Pierre and Bill Now
By Patrick Doyle
Published by the author 2024
Five stars
Not all love is romance; and there are no happy endings in this life, despite what romance novels tell you. “Happily Ever After” ultimately means someone left alone. These are things I wrote in my memoir, because at my age that truth is staring me in the face.
Patrick Doyle’s previous book about these characters, “Pierre and Bill,” established a very “untraditional” family/love scenario, and this book takes that powerful, touching tale to its logical conclusion.
At first, it is just Pierre and Bill, again. Pierre is Bill’s unofficial father—having been his father’s lover for many years before his father’s untimely death. Pierre, an elderly French-Canadian blue-collar kind of guy, raised Bill, both with and after Bill’s father. Bill is now middle-aged and deeply rooted in his career as a high-school teacher. Pierre is retired, but busy as ever fixing things in the house Bill’s father left him, and which has been their home together for decades.
Now Pierre is eighty, and a new health problem raises a dark specter. Emphysema, caused by second hand smoke (have we all forgotten that?!), is uncurable. Bill takes a sabbatical to care for his not-father, who is the most important person in his life.
Problem is, life throws things at you that don’t seem to take into consideration any complications you might already have going on. I won’t give any details, because they’re hair-raising and difficult and handled with candor and emotional honesty by this very gifted author. The significant fact is that these new difficulties, that once again threaten to completely overturn Bill and Pierre’s life, force them to bring in reinforcements. There’s Danny, Pierre’s young ex, who left many years ago to pursue his education. And there’s Ruth, daughter of Bill’s late lover, who became part of their family in the same way Bill did at the beginning. Finally, there’s Anton, a Romanian immigrant who is a professional home healthcare worker.
How do I say it? This is a book about the fact that, ultimately, love and death go hand in hand, and that love can make death less terrifying, if not less painful. But it’s also about a broader kind of love, about the network of family and community that have not always been good to gay men, but in this case serve as a kind of double-edged reminder that there are good and bad people everywhere.

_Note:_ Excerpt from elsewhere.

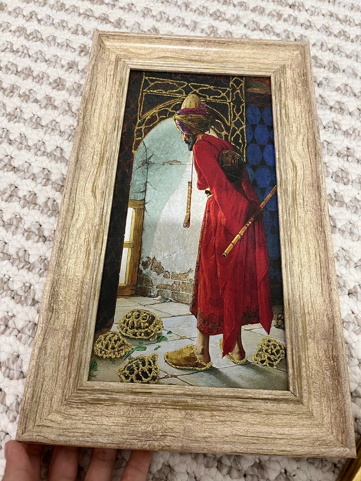 Altın renkli parlak çerçeveli bu tabloda, kırmızı kıyafetli bir figür kemerli bir odada kaplumbağalara bakıyor.

I wept rather a lot while reading this book, but only at the most obvious parts. There is a lot of laughter, and—surprisingly, adventure—in this story. It is possibly the first book I’ve ever read in which the most highly-charged action sequence is entirely experienced by four people in a car looking at their phones. Quite brilliant, and somehow weirdly real for today.
Buy Pierre and Bill first, then read this one.